Monday, October 30, 2023

Sir James Simpson - Discovering meaning in life

All photographs courtesy of Unsplash

In  Bathgate, a town in Scotland, a boy was born in 1811.  His family were not wealthy, and his mother died when he was nine years old, but he went on to become one of the most famous doctors that has ever lived.  His name was James Simpson, and he was educated at the University of Edinburgh and trained as a doctor.

He attended the operating room soon after starting his medical training and the place was not as clean as it might be, and there were no gowns, masks or gloves worn by those doing the operation. The patient was terrified and had to be held down firmly on the table as the operation took place.  As the surgical knife was used, the screams of the patient echoed around the building as there were no anaesthetics in those days.  The sound of that distressed patient stayed with James Simpson, and he determined to see an end to such suffering and conscious surgery. 
He gained high qualifications in medicine and became a Professor at the University at the unusually young age of twenty-eight.  He had a thriving medical practice and was earning a lot of money, and as a lecturer, his ability was almost without equal.  He was just brilliant in all he did and used unique illustrations to interest students, and had a magnetic personality.  Students heard increasingly about his ability and crowded continually into his lecture rooms to hear him teach.  

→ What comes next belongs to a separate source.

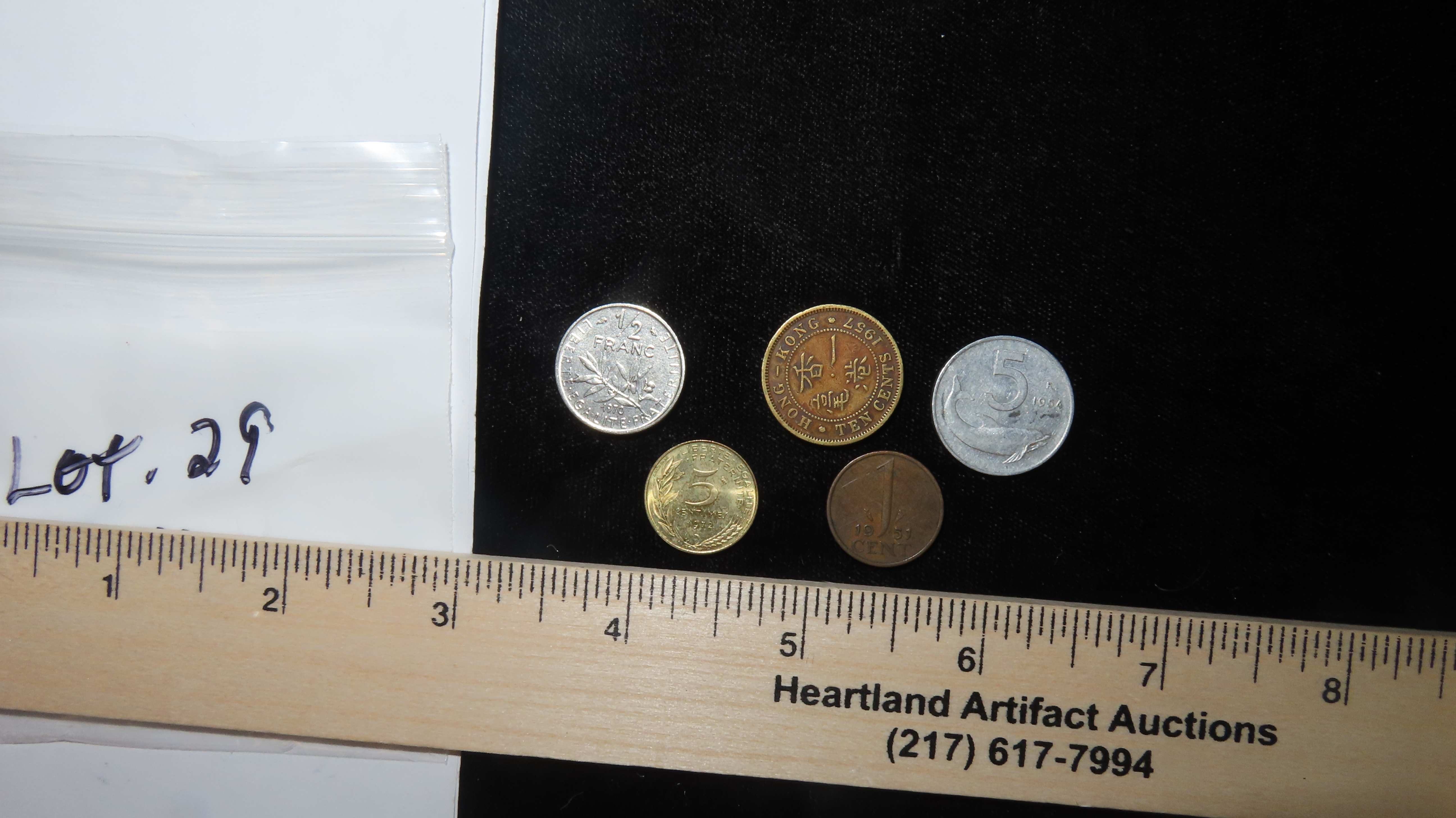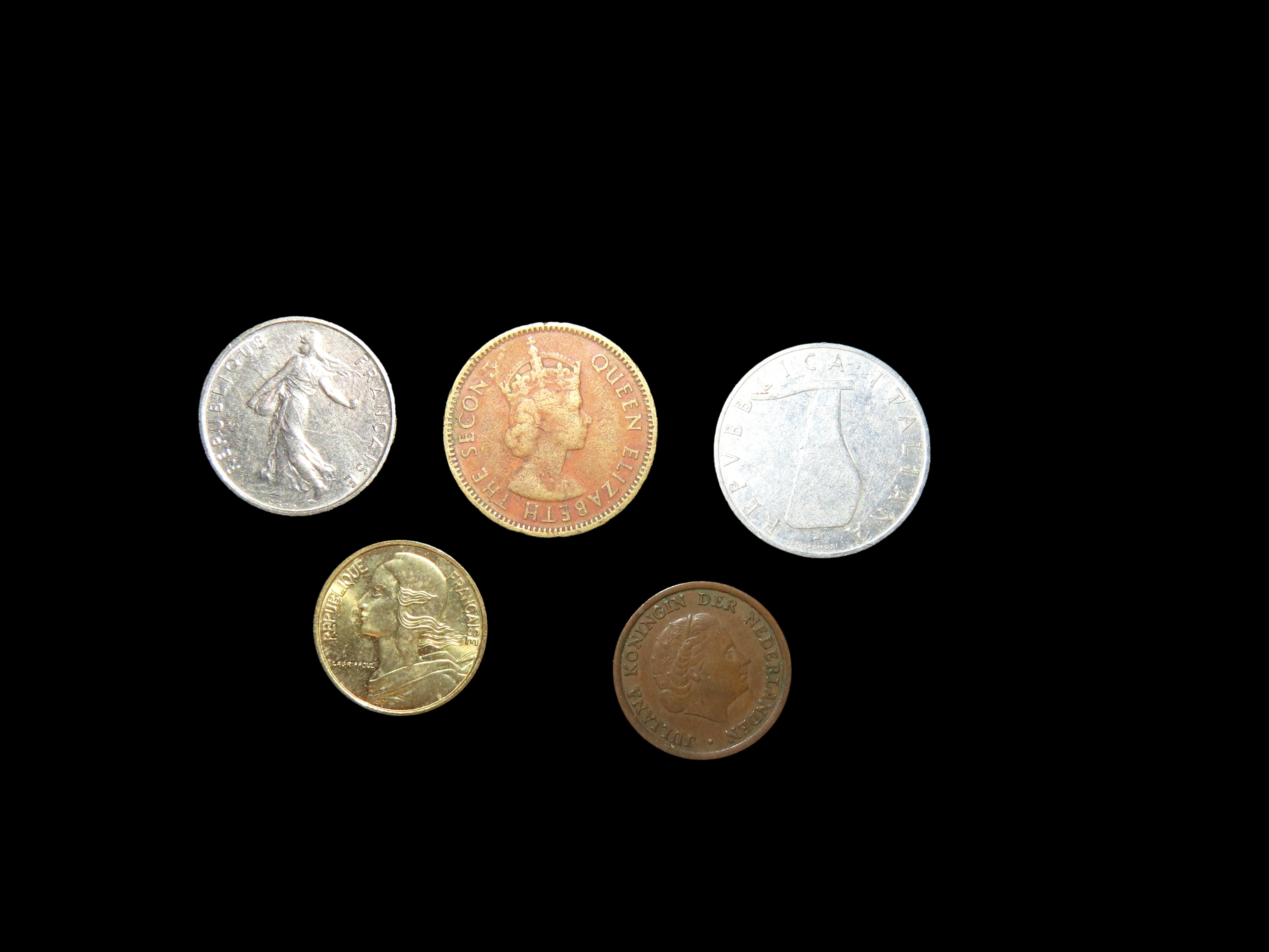 Lot of 5 Coins, Italy 5 lire 1951-2001, France 1/2 franc 1965-2001, Hong Kong 10 cents 1955-1980, Netherlands 1 cent 1950-1980, France 5 centimes 1966-2001,

Outwardly, everything was going so well, and he even seemed to be a Christian believer as he went to church.  Yet he knew he had no relationship with God, and his questions became very pointed when he saw his young daughter die of a serious illness, and he was helpless to save her life.  Yet he was more concerned with material and monetary aspects of daily living than the important spiritual concerns of the soul.  

In 1846, he heard of the anaesthetic called ether, which was discovered in America. It was tried in Scotland, but its dangers and disadvantages were so great that it was unsatisfactory.  James Simpson set about finding a viable alternative. After trying many, many drugs and recording their effects, he eventually hit upon chloroform.  To begin with, he did nothing with the sample he had obtained, but then he tried it out on himself and two colleagues, and it caused them to lose consciousness and collapse.  This was the discovery of the ‘better anaesthetic’ and was a great success.  It was first used on a mother in labour, and she was so excited by the less painful birth that she named her baby Anaesthesia.  James Simpson was now not only admired and rich but had national fame as the discoverer of chloroform as an anaesthetic.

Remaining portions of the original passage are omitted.